2.2. Classification of Kernel Phenotype
Referring to M.G. Neuffer’s maize kernel mutant classification method and other related literature about gene mapping based on maize kernel mutant, the mutant phenotypes are divided into five classes [23,24,25]: smk (small kernel), sh (shrunken), mn (miniature seed slightly loose pericarp), dek (defective kernel), and emp (empty pericarp).
2.3. cDNA Library Preparation and Data Analysis
Bulked kernels without pericarps were grinded into fine powder in liquid nitrogen. 50~100 μL of powder were placed in 1.5 mL of RNase-free centrifuge tubes and extracted with 1 mL of TRIzol™ Reagent (Thermo Fisher Scientific, Eugene, OR, USA; catalog no. 15596018).
cDNA libraries were prepared with VAHTS mRNA-seq v2 Library Prep Kit for Illumina^®^ (cat. no. NR601; Vazyme Biotech Co., Ltd., Nanjing, Jiangsu, China) and sequenced by the Illumina X-ten platform. Then, the yielded raw reads were aligned to B73 reference (V4) using hisat2 with the default parameters. The alignment files were converted to BAM format and sorted with the help of Samtools. SNP calling was performed by analyzing the unique reads with Samtools and bcftools. High-confidence SNPs were selected by using the following criteria: (1) an SNP site covered at least five reads, (2) SNP was detected in both mutant and its corresponding wild type, (3) SNPs that presented in more than 10% of lines were discarded. Functional annotation of SNPs was performed using SnpEff (Switch Laboratory, VIB—University of Leuven, Leuven, Belgium).

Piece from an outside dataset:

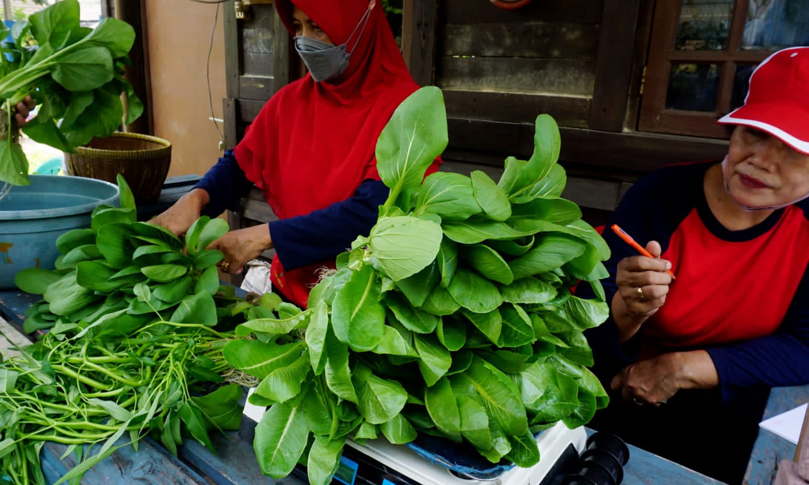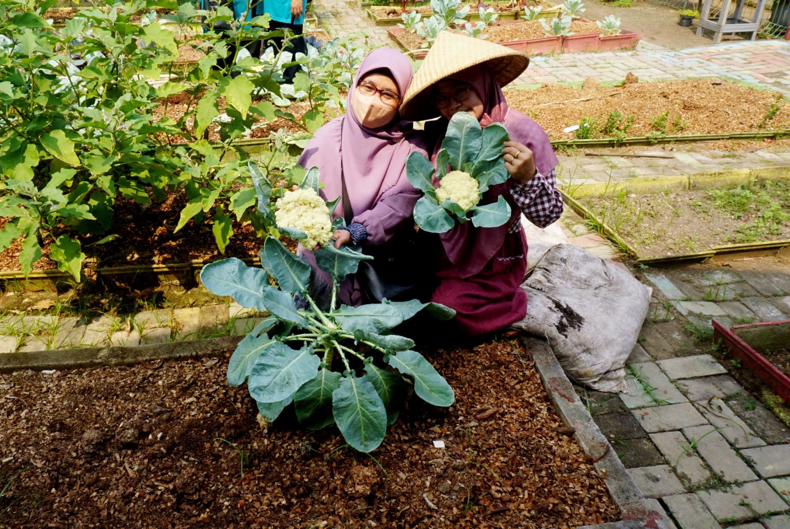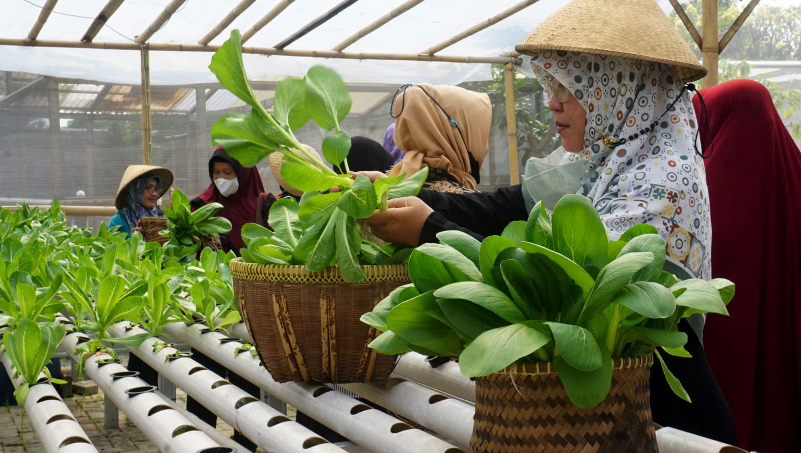 Puluhan Ibu-ibu dari berbagai wilayah mendatangi perkebunan sayur untuk dapat membeli sayur segar hidroponik yang langsung dapat memetik sendiri dari ladangnya. Panen Raya Kelompok Wanita Tani Anturium yang ada di Perumahan Pondok Arum RW.03 Kelurahan Nambo Jaya Kecamatan Karawaci Kota Tangerang ini menjadi satu KWT percontohan bagi KWT yang ada di Kota Tangerang. Tampak terlihat Lurah Nambo Jaya bersama staffnya turut menghadiri acara panen raya tersebut. Kamis (30/6/22). Banten Aktual/Dennys

2.4. Statistical Simulation of D-Value Threshold
To determine the appropriate statistical threshold for D-value in BSA analysis, we performed Monte Carlo simulations based on the genetic structure of our EMS mutant population. The simulation modeled a single causal SNP with expected genotype frequencies of 100% homozygous mutant in the mutant pool and a 2:1 ratio of heterozygous to homozygous wild-type in the wild-type pool (theoretical D-value = 0.333). We simulated 100,000 replicates of bulk sequencing with pool sizes of 20 individuals each, incorporating both sampling error (binomial distribution) and technical variation (Poisson-distributed sequencing depth with λ = 30, plus normally distributed noise with SD = 0.05). The 95th percentile of the resulting D-value distribution was used as the statistical threshold for candidate gene detection.

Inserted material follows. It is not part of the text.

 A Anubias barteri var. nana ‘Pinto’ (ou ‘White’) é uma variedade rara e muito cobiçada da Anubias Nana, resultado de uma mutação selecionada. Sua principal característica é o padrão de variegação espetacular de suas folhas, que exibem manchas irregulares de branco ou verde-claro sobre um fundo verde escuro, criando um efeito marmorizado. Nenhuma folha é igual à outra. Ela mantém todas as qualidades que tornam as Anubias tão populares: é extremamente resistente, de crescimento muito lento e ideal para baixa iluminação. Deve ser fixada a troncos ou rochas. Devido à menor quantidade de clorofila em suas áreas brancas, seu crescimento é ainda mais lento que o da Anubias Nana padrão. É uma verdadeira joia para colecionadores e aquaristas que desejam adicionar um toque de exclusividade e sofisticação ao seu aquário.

2.5. Analysis of SNP Linkage
After filtering the high confidence SNP, we proceeded to access the degree of linkage by calculating the ratio of mutant base (hereafter named SNP index) at each SNP location for wild-type and the corresponding mutants, respectively. Moreover, the difference between the two SNP indexes (hereafter named D-value) were used as an important indicator to evaluate the linkage state. While the D-value is 0.4, the gene covered with such SNP would be recognized as the preliminary candidate.
2.6. Validation of Co-Segregation
To confirm the conferred genes responsible for the aberrant kernels, we designed corresponding primers (Table 1) to distinguish the genotype based on the candidate gene information. The primers were located at 105,751 bp upstream or downstream from the hotspot SNP. More than ten M3 mutant kernels were peeled of their pericarp and their DNA were extracted individually. Then we tested their genotype using the primers we have designed. If the genotype matched the phenotype well, these candidate genes will be recognized as the causative genes.
2.7. Allelic Test
Luckily, we found that two different mutants have the same candidate gene in our EMS library and both of them have similar kernel appearance. Therefore, to confirm the reliability of our methods, allelic test was performed in the following. As we cannot search any imprinting information about these genes, we proceeded to observe the progeny from the one randomly selected mutant as the mother, and the another as the father.
2.8. Validation by CRISPR/Cas9 Technologies
We selected several genes that passed the verification of co-separation and could not find other alleles in our EMS library to perform knock-down by CRISPR/Cas9 technologies in the LH244 background. Two proper 20 bp single guide RNA for one gene was selected, synthesized, and cloned into the CRISPR/Cas9 expression vector (pXUE411C-BG) according to published pipeline. EHA105 agrobacterium cells containing the target vector were infiltrated into 12 DAP embryos (1.5–1.8 mm). Then the selection media and regeneration media will be used to induce embryos to grow plants successfully. Herbicide resistance and DNA sequencing will be performed in the seedling stage to filter the positive transgene plants.
2.9. Accession Numbers
MN6 (Zm00001d037926); MN7 (Zm00001d003621); DEK51 (Zm00001d013056); ZmPPR278 (Zm00001d015156); HSP90.6 (Zm0000d041719); ZmEMP4 (Zm00001d033869).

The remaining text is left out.